The rise of blood sugar levels

High glycemic foods result in a quick spike in insulin and blood sugar (also known as blood glucose). Low glycemic foods have a slower, smaller effect.

What's a carb?

Carbohydrates are a family of molecules. They occur in three main forms. Sugars are the simplest. They include glucose (the type of sugar that travels in the blood stream), fructose (fruit sugar), lactose (milk sugar), and others. Starches are more complex carbs. A starch is a long chain of sugar molecules. Some starches, like those in the average baked potato, the body digests in a flash, quickly elevating blood sugar. Other starches, like those in whole grains and beans, are digested more slowly, and so don't boost blood sugar as high. Fiber, another complex carbohydrate, can't be broken down by the human digestive tract. Fiber tends to move though the stomach and gut slowly, making you feel full without adding calories.

Understanding the glycemic index

Blood sugar and insulin levels rise every time you eat something containing carbohydrates. How high they rise, and how fast, depend on the food. A serving of white rice has almost the same effect as eating pure glucose—a quick, high spike in blood sugar and insulin. A serving of lentils has a slower, smaller effect. The glycemic index captures these changes by rating the effect of a specific amount of a food on blood sugar compared with the same amount of pure glucose. A food with a glycemic index of 28 boosts blood sugar only 28% as much as pure glucose; one with a GI of 95 acts almost like pure glucose.

Over the past three decades, researchers have measured the glycemic index of several thousand foods.

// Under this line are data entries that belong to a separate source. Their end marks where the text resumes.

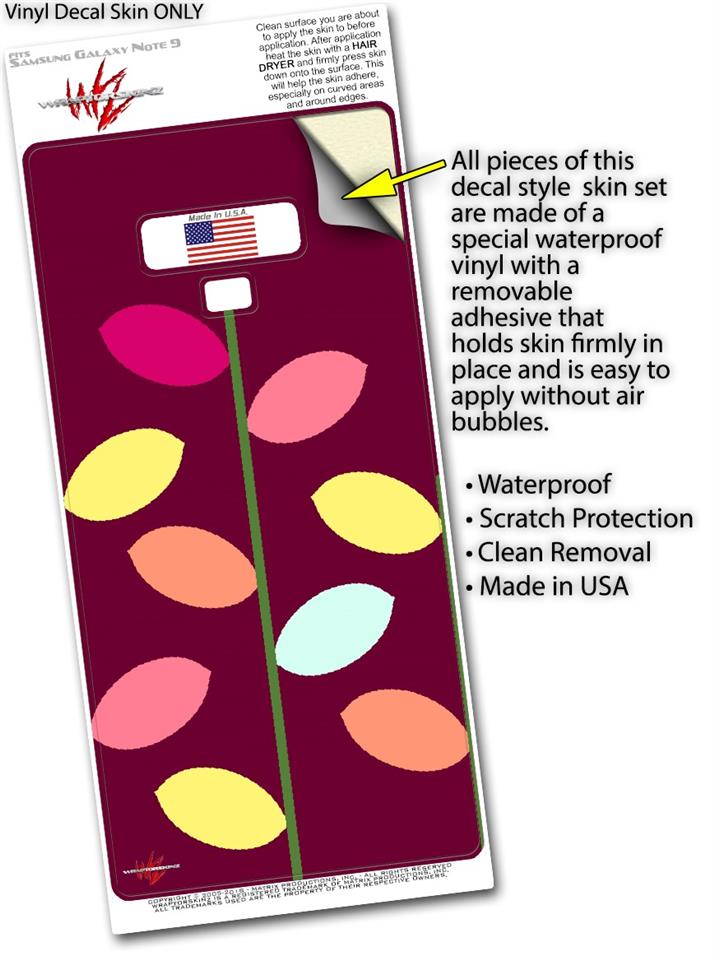 Decal style Skin Wrap compatible with Samsung Galaxy Note 9 Plain Leaves On Burgundy
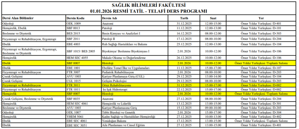 SBF – Resmi Tatil (01.01.2026) Kapsamında Telafi Edilecek Dersler Hk. (Güncel)
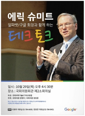 이번 토론회는 구글의 회장에서 ‘알파벳’이라는 지주회사를 설립하여 대대적인 조직을 개편한 에릭슈미트가 알파벳 회장으로 직함이 바뀐 뒤 처음 국회를 방문하여 미래의 컴퓨팅 시대에 대해 전망하고 행사에 참석한 청중들과 이야기를 나눌 예정이다.
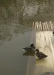 公园里两个鸳鸯在吵吵。
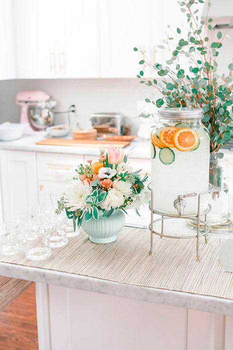 Esta es una de las partes favoritas de la colaboración, experimentar con los colores de las bebidas resulta ser un ejercicio bastante interesante, bebidas con colores pastel podrían ser la mejor opción para dar un toque de tranquilidad y combinar con el resto de la comida. Esto lo podemos obtener preparando aguas de distintos sabores, estas darán un colorido especial a tu mesa además de que resulta la opción más sana de consumir. En caso de que sea temporada invernal también puedes adornar con tés calientes o en todo caso café.
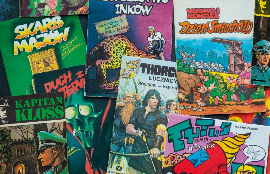 Okres międzywojenny przyniósł rozkwit komiksu prasowego. Popularne magazyny takie jak „Karuzela” czy „Świat Przygód” publikowały regularnie ich serie, często adaptujące znane powieści przygodowe. Niestety, ten obiecujący rozwój został brutalnie przerwany przez wybuch II wojny światowej. Po 1945 r. komiks w Polsce znalazł się w trudnej sytuacji. Władze komunistyczne początkowo postrzegały go jako „zgniły produkt kultury zachodniej”, a w mediach dyskutowano o szkodliwym wpływie rysunków na psychikę dzieci. Paradoksalnie, to właśnie w tym okresie narodziły się tak kultowe serie jak „Tytus, Romek i A’Tomek” Henryka Jerzego Chmielewskiego (Papcia Chmiela) czy „Kapitan Żbik” – milicyjna seria, która mimo propagandowego charakteru zyskała ogromną popularność.

You can see the values for 100 commons foods and get links to more at health.harvard.edu/glycemic.

The glycemic index of a diet can affect health in various ways. Some of the latest studies suggest that:

  • a low glycemic index diet can help maintain weight loss

  • a high glycemic index increases the risk of breast, prostate, colorectal, and pancreatic cancers

  • a high glycemic index diet increases the risk of developing type 2 diabetes and cardiovascular disease

Using the glycemic index

Using the glycemic index is easy: choose foods in the low GI category instead of those in the high GI category, and go easy on those in between. Using the glycemic index would be even easier if U.S. food makers put a symbol on low GI foods, as they do in Australia. (It's "under discussion in the U.S.," says Dr. Jennie Brand-Miller, professor of human nutrition at the University of Sydney and a long-time glycemic index researcher and advocate.)

Low glycemic index (GI of 55 or less): Most fruits and vegetables, beans (Brand-Miller calls beans "star performers"), minimally processed grains, pasta, low-fat dairy foods, and nuts.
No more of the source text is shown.